No estudo do cancro da mama com nódulos linfáticos positivos (TAX316) foi observada neuropatia sensorial periférica persistente no final da quimioterapia em 10 de 84 pacientes com neuropatia sensorial periférica durante o acompanhamento.
Doença dos órgãos cardíacos
No estudo TAX316, 26 (3,5%) pacientes do grupo TAC e 17 (2,3%) pacientes com FAC, desenvolveram insuficiência cardíaca congestiva. Todos os pacientes acima foram diagnosticados com insuficiência cardíaca congestiva após 30 dias do período de tratamento, excepto um paciente em cada grupo de tratamento. 2 pacientes no grupo TAC e 4 pacientes no grupo FAC morreram de insuficiência cardíaca.
No estudo GEICAM 9805, 3 (0,6%) pacientes do grupo TAC e 3 (0,6%) pacientes do grupo FAC desenvolveram insuficiência cardíaca congestiva durante o período de seguimento. 1 paciente do grupo TAC morreu de cardiomiopatia dilatada.
Doença do tipo pele e tecido subcutâneo
No estudo TAX316, a queda de cabelo foi relatada em 687 pacientes no grupo TAC e 645 pacientes no grupo FAC durante o período de seguimento após o fim da quimioterapia.
Foi observada alopecia persistente em 29 pacientes do grupo TAC (3,9%) e 16 pacientes do grupo FAC (2,2%) no final do período de seguimento.
No estudo GEICAM 9805, 49 pacientes (9,2%) no grupo TAC e 35 pacientes (6,7%) no grupo FAC relataram queda contínua de cabelo durante o período de seguimento após o fim da quimioterapia. Foi observada alopecia persistente em 3 (0,6%) pacientes no grupo TAC e 1 (0,2%) paciente no grupo FAC no final do período de seguimento.
Sistema reprodutivo e doenças mamárias
No estudo TAX316, a amenorreia em curso foi observada no final da quimioterapia em 121 dos 202 pacientes com amenorreia no final do acompanhamento.
No estudo GEICAM9805, foi observada amenorreia persistente em 18 (3,4%) pacientes no grupo TAC e 5 (1,0%) pacientes no grupo FAC com um seguimento mediano de 10 anos e 5 meses.
Doenças sistémicas e reacções diversas no local de administração
No estudo TAX316, no final da quimioterapia, foi observado edema periférico persistente durante o acompanhamento em 19 dos 119 pacientes do grupo TAC que tinham edema periférico, e em 4 dos 23 pacientes do grupo FAC.

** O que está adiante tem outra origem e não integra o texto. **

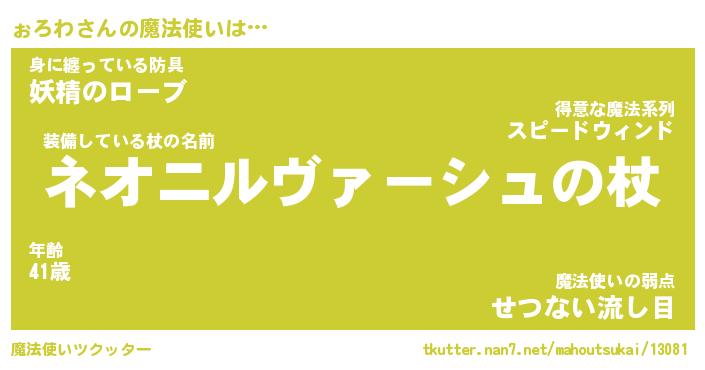 | ファンタジー風あだ名 | 『ォロフェル』『エターナルォロワー』 |

No estudo GEICAM 9805, observou-se que o linfedema persistia no final da quimioterapia em 4 dos 5 pacientes do grupo TAC que tinham linfedema e durante o acompanhamento, e em 1 dos 2 pacientes do grupo FAC durante o acompanhamento.

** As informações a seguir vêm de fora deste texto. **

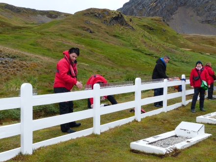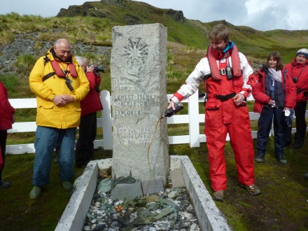 Es ist Tradition, dass der Kapitän am Grab eine kurze Rede hält und die Passagiere Shackleton zu Ehren einen Schluck Rum trinken.
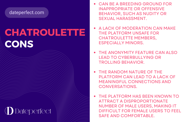 - A lack of moderation can make the platform unsafe for chatroulette members, especially minors.

Leucemia aguda/síndrome mielodisplásica
Foi relatada leucemia aguda em 4 dos 744 pacientes do grupo TAC e 1 dos 736 pacientes do grupo FAC durante o seguimento de 10 anos do estudo TAX316. 2 dos 744 pacientes do grupo TAC e 1 dos 736 pacientes do grupo FAC foram relatados como tendo síndrome mielodisplásica.
Durante o seguimento de 10 anos do estudo GEICAM 9805, foi notificada leucemia aguda em 1 paciente (0,2%) dos 532 pacientes do grupo TAC e não foram notificados casos em pacientes do grupo FAC. Nenhum paciente foi diagnosticado com síndromes mielodisplásticas em nenhum dos grupos de tratamento em progresso.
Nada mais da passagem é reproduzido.